|Title:||Essays on financial reporting quality : evidences from seasoned equity offering and product market competition|
Hong Kong Polytechnic University -- Dissertations
|Department:||School of Accounting and Finance|
|Pages:||132 leaves : ill. ; 30 cm.|
|Abstract:||This dissertation focuses on financial reporting quality. It is comprised of three essays. The first essay documents the importance of financial reporting quality; the second essay records market power as an important determinant of financial reporting quality; the third essay shows that financial reporting quality is not the prevailing channel through which product market competition affects audit fees.
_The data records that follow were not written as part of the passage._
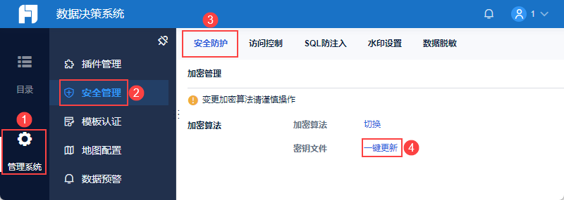 • 管理员登录帆软应用,点击「管理系统>安全管理>安全防护」,点击加密算法处的「一键更新」按钮。
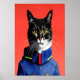 Retrato de um gato bombeiro bonitinho e adorável em um fundo vermelho. Esta é uma arte gerada por IA.
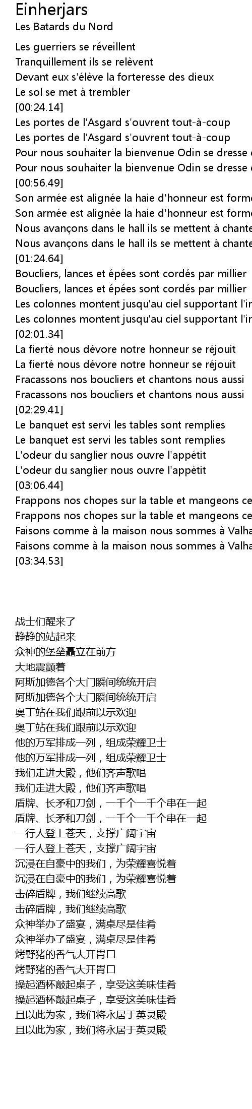 | [03:24.68] | Faisons comme a la maison nous sommes a Valhalla |
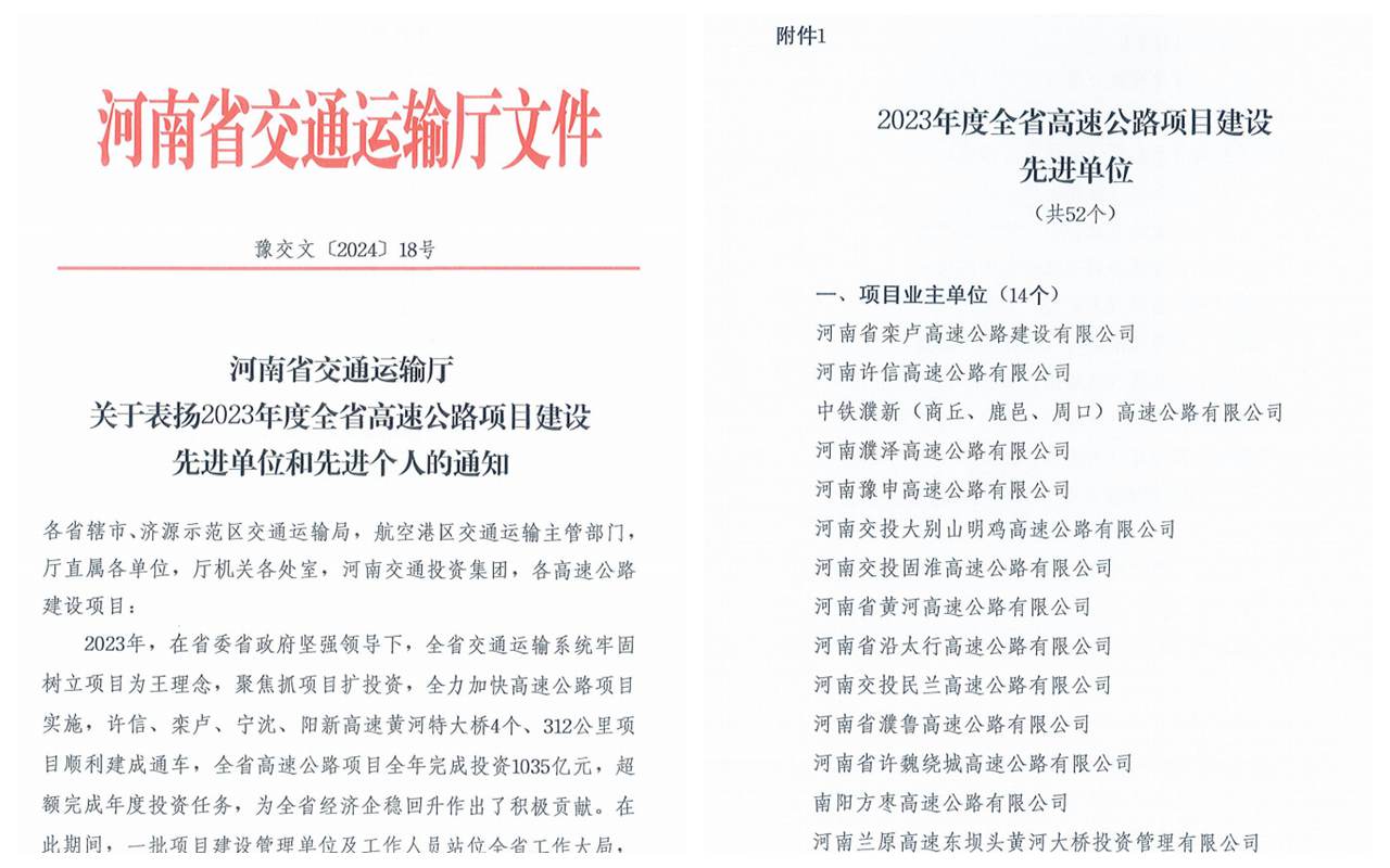 近日,河南省交通運輸廳發(fā)布《關于表揚2023年度全省高速公路項目建設先進單位和先進個人的通知》,蘭封高速項目公司被評為“2023年度全省高速公路項目建設先進單位”,公司副總工程師兼工程部經(jīng)理耿克強被評為“先進個人”。
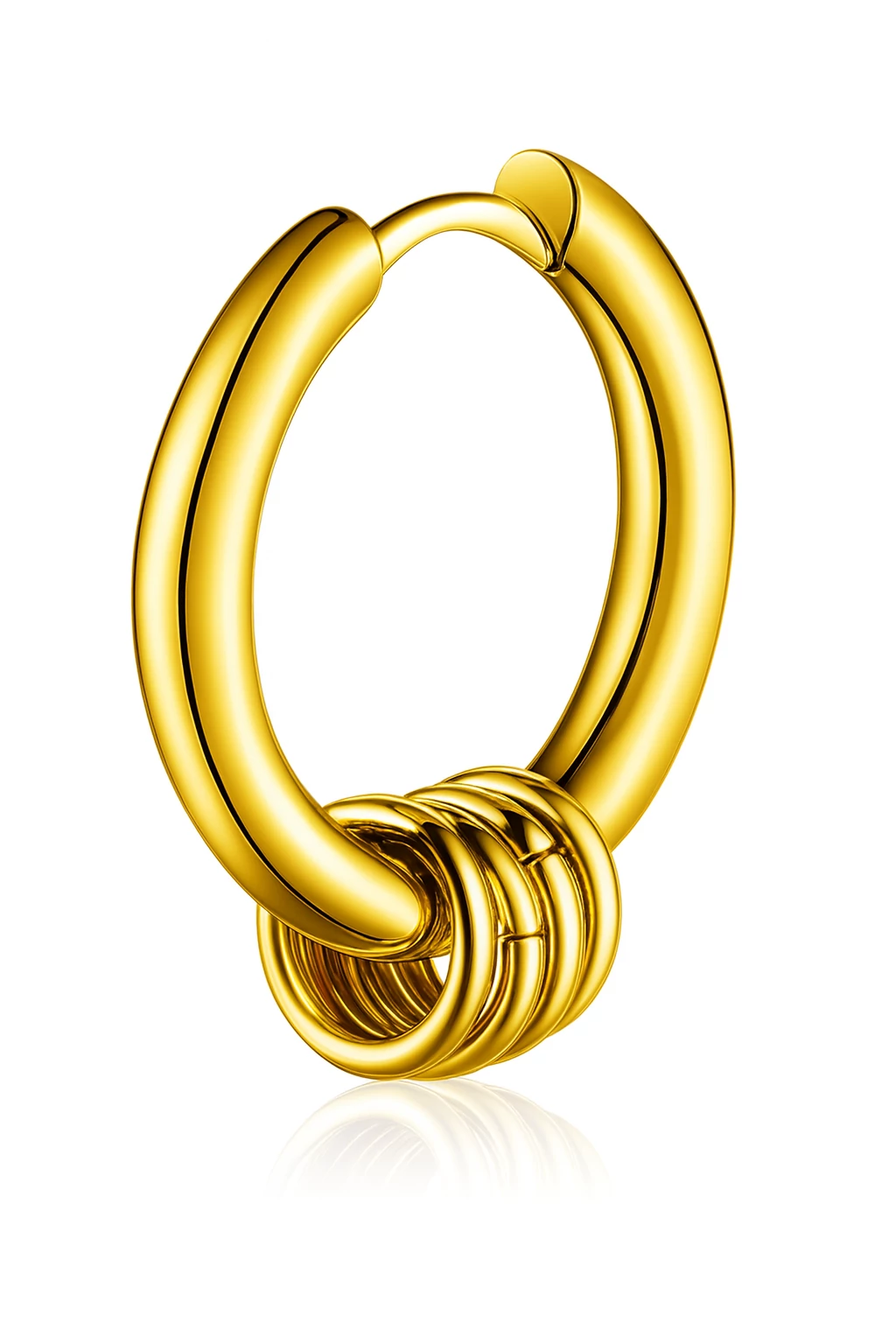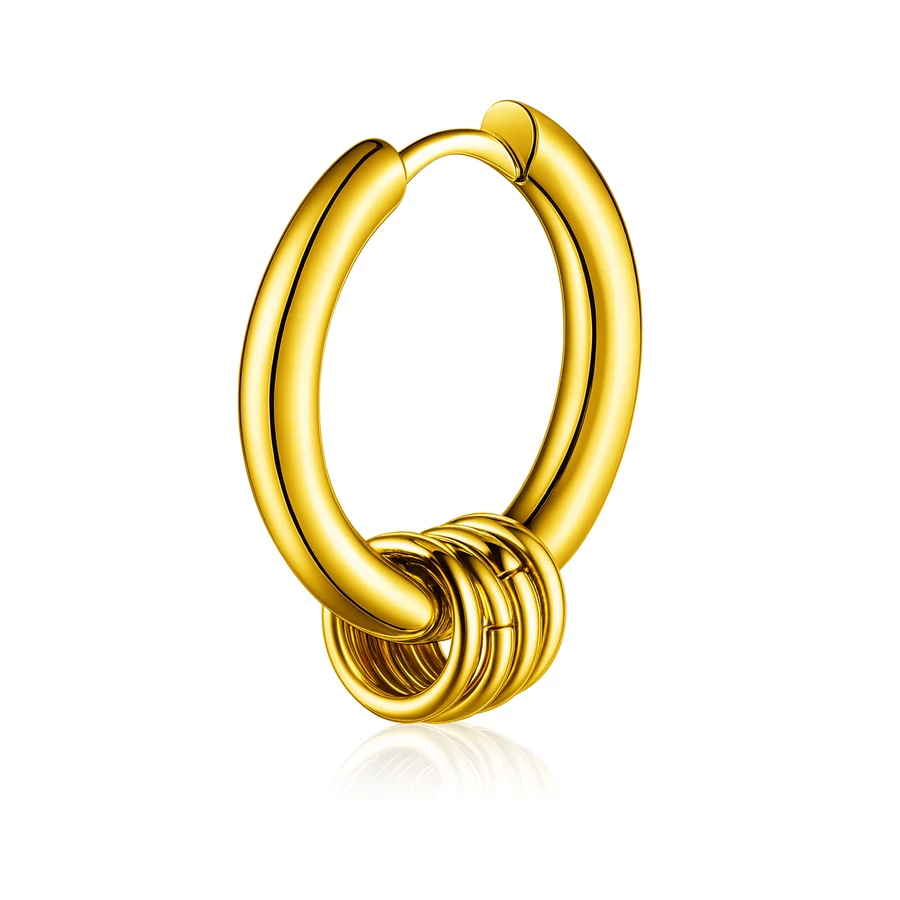 A kör formájú fülbevaló belsejében öt apró, függő díszmedál lóg, amelyek finom mozgásukkal extra dinamizmust adnak az ékszernek. A törzsi motívumok ihlette kialakítás látványos, mégsem túl harsány – így akár irodai környezetben, akár koncerten is megállja a helyét. Tökéletes azoknak, akik szeretik a karakteres, mégis hordható fülbevalókat.
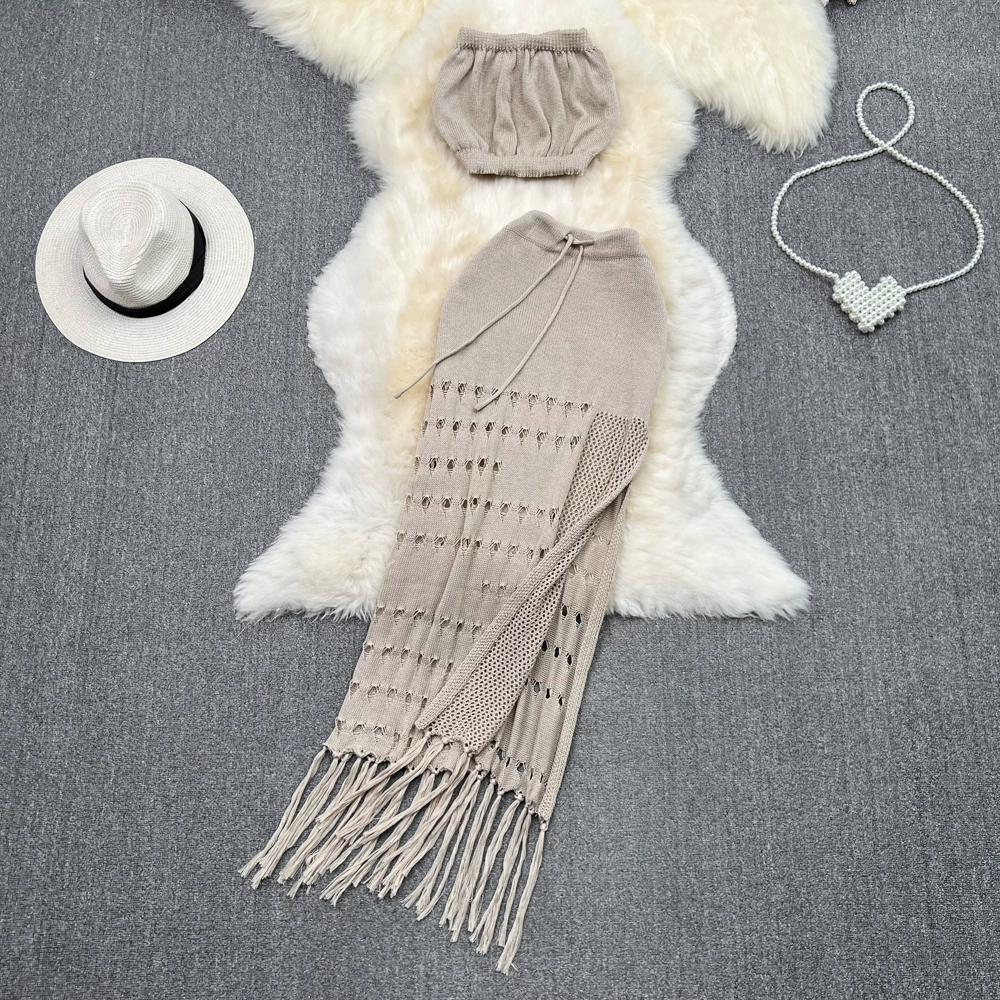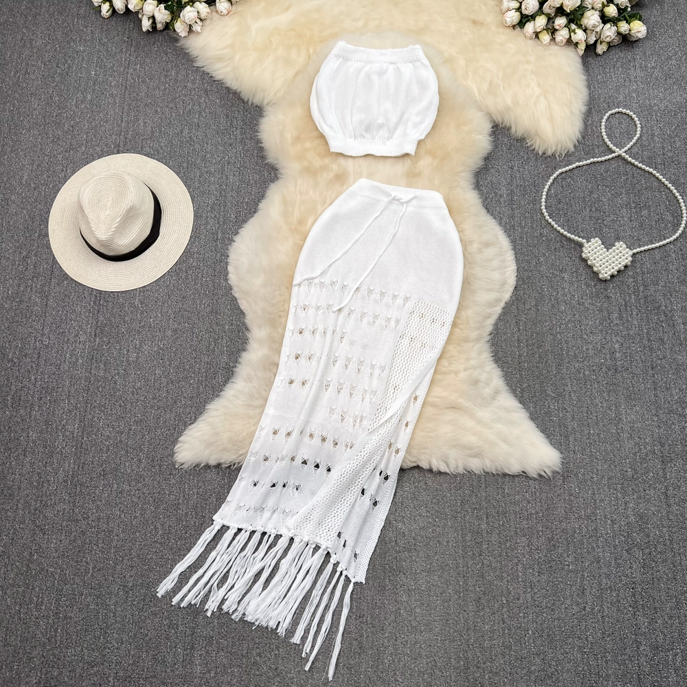 | nameOriginal | Fashion suit for hot girls sexy tube top two piece set high waist slimming hollow tassel slit skirt summer |
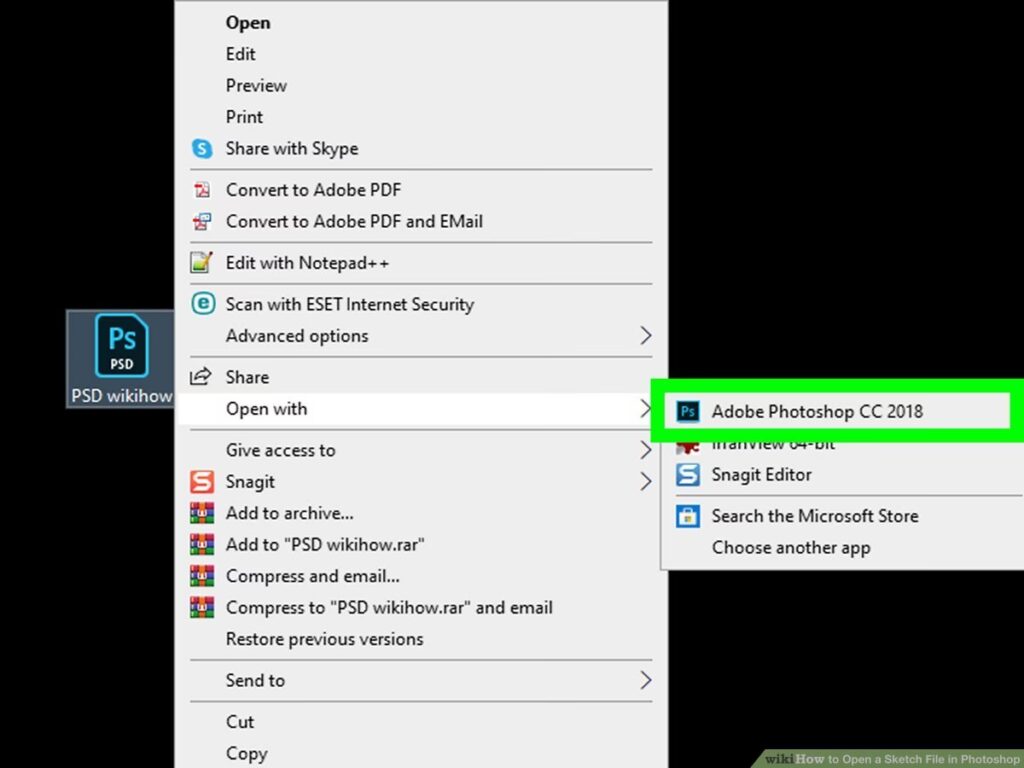 Begynd med at trække din scannede tegning ind i Photoshop-programmet. Du kan enten højreklikke på billedet og vælge Åbn med > Adobe Photoshop, eller trække billedet oven på Photoshop-ikonet på dit skrivebord eller din værktøjslinje. Dette åbner et nyt dokument med dit scannede billede.
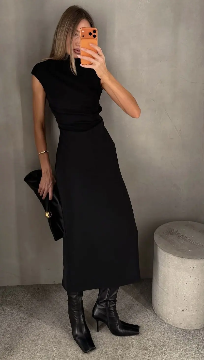 This sleek black midi dress with cap sleeves and a mock neck proves that simple can be seriously sophisticated. The body-skimming silhouette flatters without clinging, while the mock neck adds instant polish.
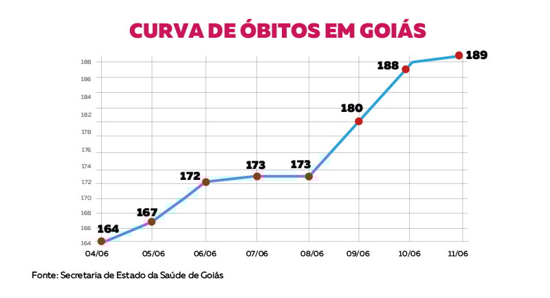 Os números mostram que houve uma desaceleração na Covid-19 no crescimento de casos no estado. No último levantamento semanal feito pelo Mais Goiás, que apurou dados publicados entre os dias 28 de maio e 4 de junho, o crescimento foi de 62,71%. Entretanto, o aumento continua maior do que nas duas semanas anteriores. Entre os dias 21 e 28 de maio, o percentual foi de 43,24%. Na semana anterior (dias 14 a 21) o aumento foi de 51,44%.

Essay I, "Earnings timeliness and seasoned equity offering announcement effect" demonstrates the importance of financial reporting quality by examining the effects of earnings timeliness on the Seasoned Equity Offering (SEO) announcement effect. Investors view an SEO announcement as a negative signal that reveals managers' perceptions regarding a firm's current stock price. Investors usually respond to this negative signal by reducing the stock price significantly. This condition can be mitigated, however, through a description of a firm's ability to capture current value-relevant information through a measure of financial reporting quality, namely earnings timeliness. This is especially true since earnings are important to investors in assessing firm performance. Presenting current value-relevant information with earnings in a greater efficient and timely way can reduce information asymmetry between managers and investors. I predict and find, then, that firms with greater earnings timeliness have less negative SEO announcement-period returns.|
Because of the importance of financial reporting quality in capital market, I explore the determinants to financial reporting quality in my second essay, "Market power and accrual management". I examine whether a firm's competition status in product markets affects its financial reporting quality, measured as discretionary accrual. I argue that because firms with greater market power have a greater ability to set prices for their products, they have comparatively fewer incentives to manipulate earnings through accrual management. I use the Lerner index to measure product market power and asset-deflated absolute discretionary accruals to proxy the magnitude of accrual management. Using a large sample of firm-year observations from 1997 to 2007, I find that, as hypothesized, firms with greater market power tend to have lower levels of accrual management. The final essay, "Product market competition and audit fees", goes one-step further than the second. As noted in the second essay, product market competition affects a firm's financial reporting quality. However, financial reporting quality may not be the only factor auditors take into account when they decide what fees to charge a client. The last essay, therefore, empirically explores the inter- and intra- industry effect of product market competition on audit fees. Prior literature posits two contradictory predictions on the relation between product market competition and audit fees. On the one hand, firms in a competitive market are expected to face higher liquidity risk, distress risk, and liquidation risk, thus increasing auditors' assessments of a client's business risk. So, audit fees are expected to increase with industry competitiveness. On the other hand, it is often argued in prior literature that product market competition decreases information asymmetry and mitigates agency problems between shareholders and managers and increases the accuracy of financial reporting, thus decreasing auditors' assessments of a client's audit risk resulting in necessary audits. So auditors tend to charge lower fees on firms in a more competitive industry. The study, then, empirically tests the relation between product market competition and audit fees and finds that auditors charge higher fees on firms in a more competitive industry. It also finds that auditors charge lower fees on firms with greater market power within the same industry.